Saturday, January 14, 2006

The Morning Read

I have been reading the Daily Reckoning once again and doing some cut and paste quotes for my blog. I enjoy the writing style of these guys but I’m always disappointed by the typo’s I find in their material. There really is no excuse for typos anymore. Not with spell checking available for just about every application. Whenever I find a typo in a commercial publication I automatically think less of the sender. How professional can they be when mistakes like that are published? Why would I want to do business with them? You don’t have to tell me…I know it’s slightly neurotic on my part. Slightly? OK, very neurotic!

Here is what I read this morning, “When Alan Greenspan started his policy of easy money, Americans got poorer - not richer. Since he became head of the Federal Reserve, personal debt levels rose from $28,892 for the average family in 1987 to $101,386 in 2005 - a jump of 250.9%.”

That’s scary! Why? Because it’s not just one unique indebted idiot that we can safely ignore, it’s the average! And that effects us all. (Affect or effect? Has to be effect…stupid Spell Check!)

“In a desperate move to slow it down, the Federal Reserve has raised short-term interest rates 12 times since June 2004.”

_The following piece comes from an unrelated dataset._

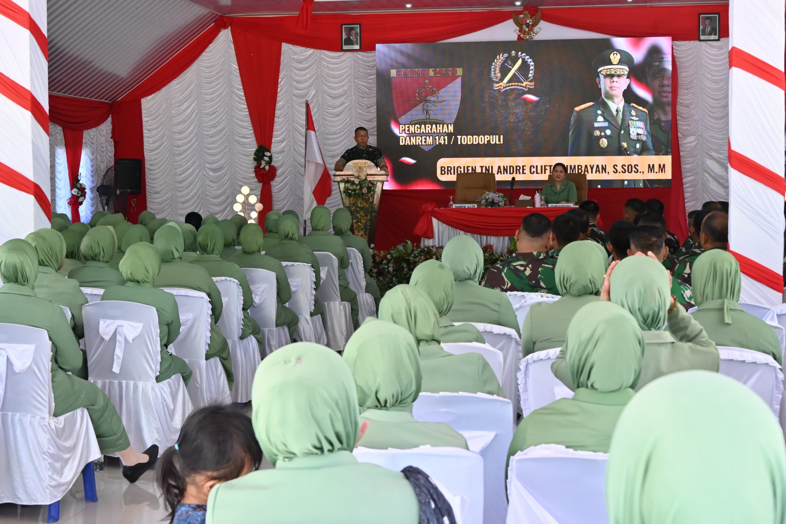 Suasana kunjungan berlangsung hangat dan penuh keakraban, menjadi ajang silaturahmi serta mempererat kebersamaan antara pimpinan dengan prajurit, PNS, dan Persit di jajaran Korem 141/Tp.(Penrem)

“Unfortunately, many people have no safety net. In September 2004, the personal savings rate among Americans was just 0.2%. In China, it's 25%. And for every $19 an American earns, he spends $20.” Hello? Anyone home?
  
And speaking of homes…“Americans even buy homes they cannot afford. By mid-2005, nearly 50% of homes were purchased with interest-only mortgages - compared to 5% in 2001. And personal bankruptcies have doubled in the last decade. Roughly 43% of American families spend more than they earn each year - meaning that the average household carries some $8,000 in credit card debt that is nearly impossible to pay off.”

1 comment:

  1. “But the American workingman cannot believe it. He put his wife to work years ago...” That’s right, as soon as the voodoo economics that Reagan espoused, failed, everyone had to go to work. The trickledown effect never worked and never will...

    “Then, under the easy money/big spending policies of the Bush/Greenspan team, he sold off his house...a room at a time. Roach estimates that U.S. householders "took out" as much as $600 billion from their houses in mortgage debt last year. It was more than enough to offset the $335 billion they should have earned. But it was a different kind of money; they have to pay it back. With falling incomes, how will the U.S. wage earner be able? And how will the nation squeeze enough money out of these poor working stiffs to pay its trillion dollar debts overseas, let alone make good on its promises to its own people?”